### EXERCISE OBJECTIVE
Output the entries exactly. Start at the first line, finish with the line containing "Últimas notícias Participantes", and omit the pictures.

### STORED DATA
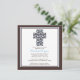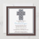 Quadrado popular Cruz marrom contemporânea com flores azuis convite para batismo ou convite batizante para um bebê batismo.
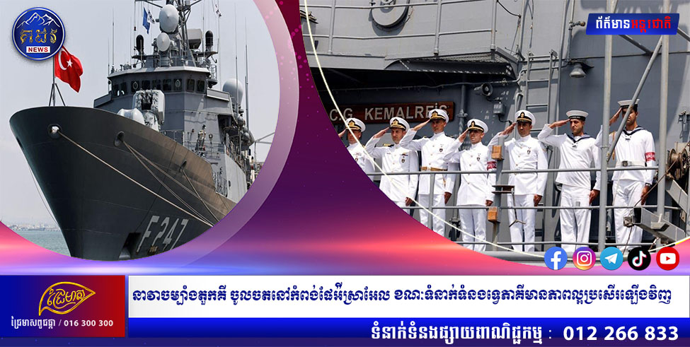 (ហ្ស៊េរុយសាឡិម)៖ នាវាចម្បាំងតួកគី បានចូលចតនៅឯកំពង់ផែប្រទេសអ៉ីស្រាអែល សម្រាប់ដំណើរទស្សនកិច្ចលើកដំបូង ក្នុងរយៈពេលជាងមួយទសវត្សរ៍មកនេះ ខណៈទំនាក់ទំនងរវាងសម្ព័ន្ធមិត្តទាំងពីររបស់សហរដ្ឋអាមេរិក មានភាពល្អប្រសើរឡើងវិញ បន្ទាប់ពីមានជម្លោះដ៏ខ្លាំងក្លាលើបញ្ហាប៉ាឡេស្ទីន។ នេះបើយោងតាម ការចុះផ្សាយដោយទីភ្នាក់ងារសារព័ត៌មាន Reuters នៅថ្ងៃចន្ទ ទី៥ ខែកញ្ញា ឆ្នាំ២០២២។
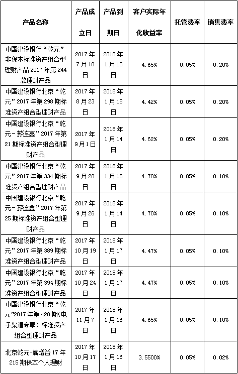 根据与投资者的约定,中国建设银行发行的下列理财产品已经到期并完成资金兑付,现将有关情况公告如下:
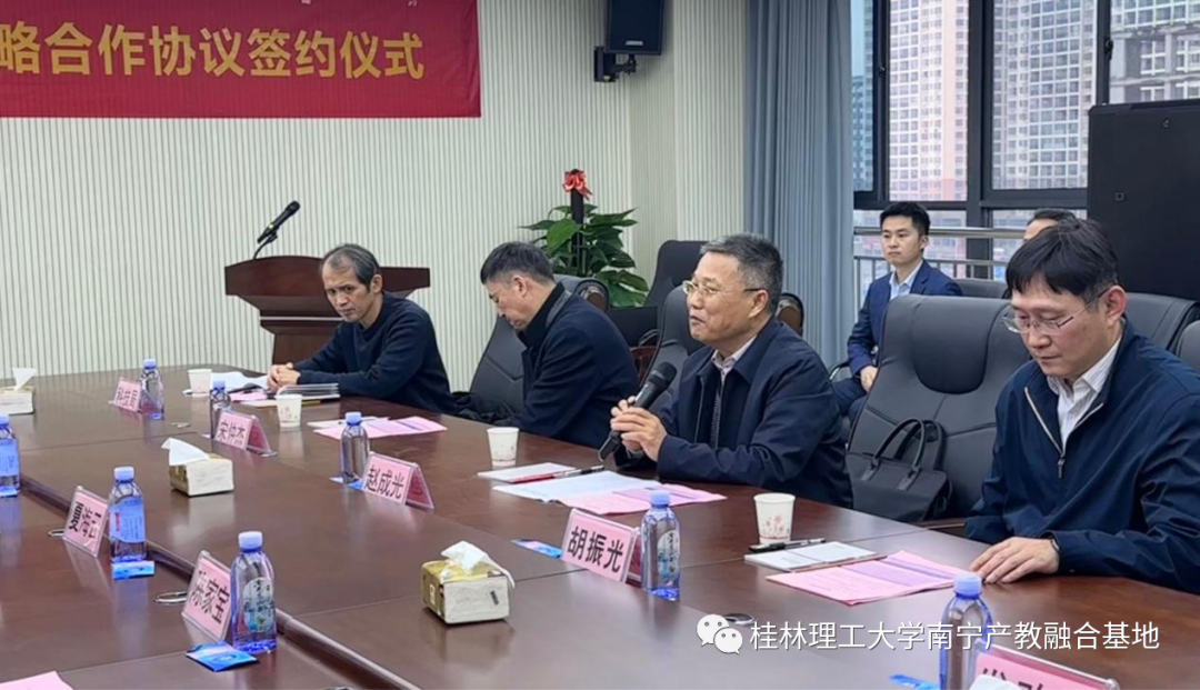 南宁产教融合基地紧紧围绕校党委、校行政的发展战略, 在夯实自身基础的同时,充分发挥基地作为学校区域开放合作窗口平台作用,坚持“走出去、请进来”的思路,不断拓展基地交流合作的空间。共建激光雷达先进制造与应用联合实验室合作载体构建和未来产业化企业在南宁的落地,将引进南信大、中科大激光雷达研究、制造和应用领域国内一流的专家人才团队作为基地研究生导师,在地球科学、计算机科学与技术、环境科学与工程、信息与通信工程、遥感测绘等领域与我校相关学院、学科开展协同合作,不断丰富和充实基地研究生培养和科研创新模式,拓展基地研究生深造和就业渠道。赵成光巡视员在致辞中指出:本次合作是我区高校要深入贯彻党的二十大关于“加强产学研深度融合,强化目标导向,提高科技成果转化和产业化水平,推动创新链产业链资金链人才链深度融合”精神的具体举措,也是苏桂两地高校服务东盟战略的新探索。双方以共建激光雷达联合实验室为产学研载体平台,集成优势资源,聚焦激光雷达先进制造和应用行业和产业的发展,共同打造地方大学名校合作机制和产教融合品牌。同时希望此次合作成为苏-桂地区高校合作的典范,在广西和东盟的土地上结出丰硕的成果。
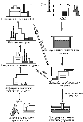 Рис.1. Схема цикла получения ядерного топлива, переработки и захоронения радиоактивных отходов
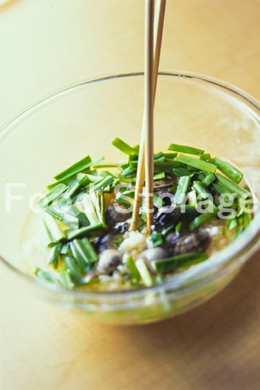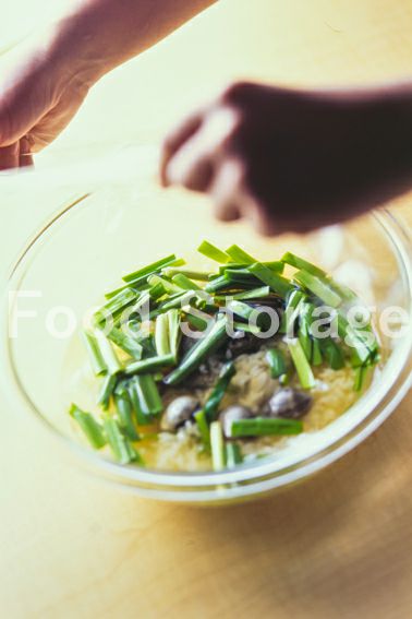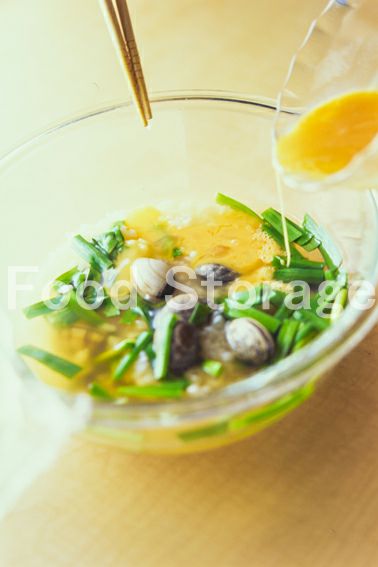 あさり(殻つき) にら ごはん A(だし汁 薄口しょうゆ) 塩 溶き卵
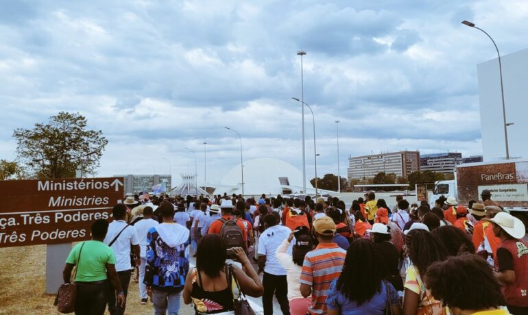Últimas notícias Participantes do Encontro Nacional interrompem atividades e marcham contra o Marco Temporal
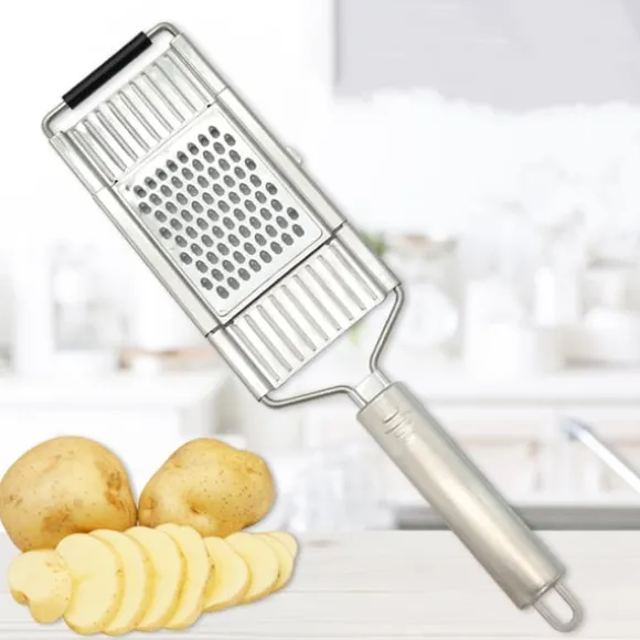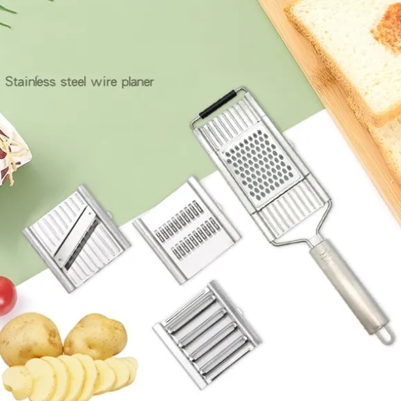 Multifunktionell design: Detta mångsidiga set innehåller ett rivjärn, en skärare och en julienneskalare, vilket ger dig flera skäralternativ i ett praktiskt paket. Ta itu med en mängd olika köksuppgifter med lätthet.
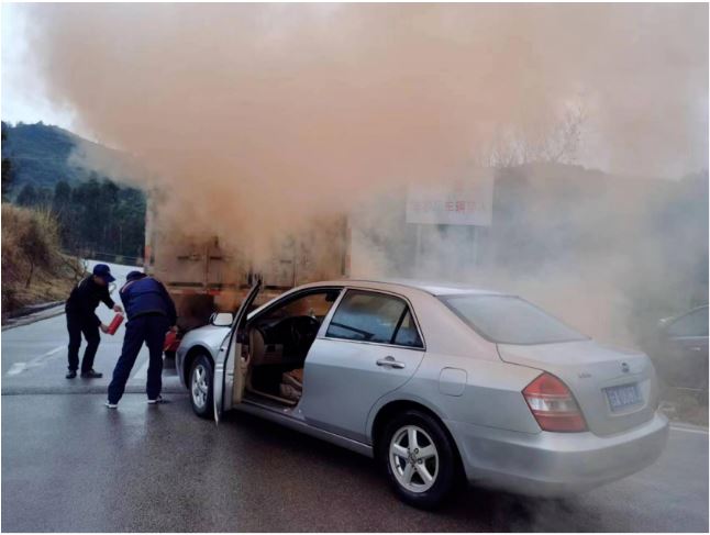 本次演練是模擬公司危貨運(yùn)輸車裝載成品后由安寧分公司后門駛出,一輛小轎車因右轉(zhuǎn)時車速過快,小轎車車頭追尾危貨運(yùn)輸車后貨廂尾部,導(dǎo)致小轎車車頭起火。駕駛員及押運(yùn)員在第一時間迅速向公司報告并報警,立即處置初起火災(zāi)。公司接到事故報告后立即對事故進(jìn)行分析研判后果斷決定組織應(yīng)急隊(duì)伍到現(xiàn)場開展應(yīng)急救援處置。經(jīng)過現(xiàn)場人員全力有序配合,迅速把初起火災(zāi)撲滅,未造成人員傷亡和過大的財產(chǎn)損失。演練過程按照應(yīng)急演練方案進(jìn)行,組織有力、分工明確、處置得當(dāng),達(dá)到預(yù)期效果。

### SOLUTION
 Quadrado popular Cruz marrom contemporânea com flores azuis convite para batismo ou convite batizante para um bebê batismo.
 (ហ្ស៊េរុយសាឡិម)៖ នាវាចម្បាំងតួកគី បានចូលចតនៅឯកំពង់ផែប្រទេសអ៉ីស្រាអែល សម្រាប់ដំណើរទស្សនកិច្ចលើកដំបូង ក្នុងរយៈពេលជាងមួយទសវត្សរ៍មកនេះ ខណៈទំនាក់ទំនងរវាងសម្ព័ន្ធមិត្តទាំងពីររបស់សហរដ្ឋអាមេរិក មានភាពល្អប្រសើរឡើងវិញ បន្ទាប់ពីមានជម្លោះដ៏ខ្លាំងក្លាលើបញ្ហាប៉ាឡេស្ទីន។ នេះបើយោងតាម ការចុះផ្សាយដោយទីភ្នាក់ងារសារព័ត៌មាន Reuters នៅថ្ងៃចន្ទ ទី៥ ខែកញ្ញា ឆ្នាំ២០២២។
 根据与投资者的约定,中国建设银行发行的下列理财产品已经到期并完成资金兑付,现将有关情况公告如下:
 南宁产教融合基地紧紧围绕校党委、校行政的发展战略, 在夯实自身基础的同时,充分发挥基地作为学校区域开放合作窗口平台作用,坚持“走出去、请进来”的思路,不断拓展基地交流合作的空间。共建激光雷达先进制造与应用联合实验室合作载体构建和未来产业化企业在南宁的落地,将引进南信大、中科大激光雷达研究、制造和应用领域国内一流的专家人才团队作为基地研究生导师,在地球科学、计算机科学与技术、环境科学与工程、信息与通信工程、遥感测绘等领域与我校相关学院、学科开展协同合作,不断丰富和充实基地研究生培养和科研创新模式,拓展基地研究生深造和就业渠道。赵成光巡视员在致辞中指出:本次合作是我区高校要深入贯彻党的二十大关于“加强产学研深度融合,强化目标导向,提高科技成果转化和产业化水平,推动创新链产业链资金链人才链深度融合”精神的具体举措,也是苏桂两地高校服务东盟战略的新探索。双方以共建激光雷达联合实验室为产学研载体平台,集成优势资源,聚焦激光雷达先进制造和应用行业和产业的发展,共同打造地方大学名校合作机制和产教融合品牌。同时希望此次合作成为苏-桂地区高校合作的典范,在广西和东盟的土地上结出丰硕的成果。
 Рис.1. Схема цикла получения ядерного топлива, переработки и захоронения радиоактивных отходов
 あさり(殻つき) にら ごはん A(だし汁 薄口しょうゆ) 塩 溶き卵
Últimas notícias Participantes do Encontro Nacional interrompem atividades e marcham contra o Marco Temporal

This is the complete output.